Albemarle, FMC, and others to boost output of lightest metal

by Melody M. Bomgardner
July 28, 2016 | APPEARED IN VOLUME 94, ISSUE 31

Credit: Tesla Motors
An aerial view of Telsa’s Gigafactory outside of Sparks, Nev.

Tesla Motors is hiring more construction workers in a bid to move up the opening of its so-called Gigafactory outside of Sparks, Nev., where the electric vehicle maker plans to produce lithium-ion batteries beginning next year. The factory’s projected output has already tightened demand for lithium chemicals and inspired expansions at several chemical firms.

By 2020, Tesla’s claim on the world’s lithium supply will have grown to 14%, up from about 3% today, according to Robert Baylis, manager of minor metals research at Roskill Information Services. Adding to lithium demand is a push by China to build more electric vehicles and buses.

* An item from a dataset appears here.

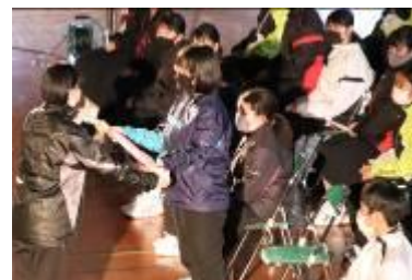
1・2年生から3年生へのメッセージ。1・2年生が3年生からバトンを受け継ぐ

3年生が、1・2年生に「これからの額田中を託す」とメッセージを伝えました。1・2年生が、これに応じて、「額中第2期黄金時代を築きます」と力強い言葉を述べました。そして、生徒会長から1・2年生にバトンの受け渡しが行われました。「頼むぞ、1・2年生」という気持ちがこめられていました。令和2年度から令和3年度への引き継ぎも兼ねた「3年生を送る会」でした。

Citing the signing of a multiyear supply agreement with a “major manufacturer of electric vehicles,” the chemical maker FMC recently announced that it will accelerate an ongoing lithium hydroxide expansion. Baylis says he believes that manufacturer is Tesla.

“Tesla is starting to lock in material supply for the Gigafactory,” he says, “although it will need more than just FMC’s expansion commitment.” At peak capacity, the Gigafactory will require 35,000 metric tons per year of lithium chemicals, as measured in lithium carbonate equivalents.

Meanwhile, Albemarle, which acquired the lithium chemicals maker Rockwood Holdings in 2015, will expand output in Chile by 2017. In this year’s first quarter, Albemarle saw demand and higher prices for battery-grade lithium boost earnings for its lithium business by 26% compared with last year. The percentage of its customers that signed long-term supply contracts for lithium carbonate and hydroxide increased 60%.

The lion’s share of lithium-containing battery chemicals come from China. Lithium carbonate and hydroxide are used in cathodes, lithium metal is used in some anodes, and lithium salts are used in electrolytes. Lithium chemicals are also used in glass, ceramics, and lubricants.

In the “lithium triangle” straddling Argentina, Bolivia, and Chile, demand for lithium has caused investment in new mining operations to expand beyond the brines of Chile’s Atacama Desert to nearby Argentina, where FMC already has facilities in the Salar del Hombre Muerto. Chile’s SQM, along with newcomers such as Lithium X and Lithium Americas, is establishing facilities in northwestern Argentina.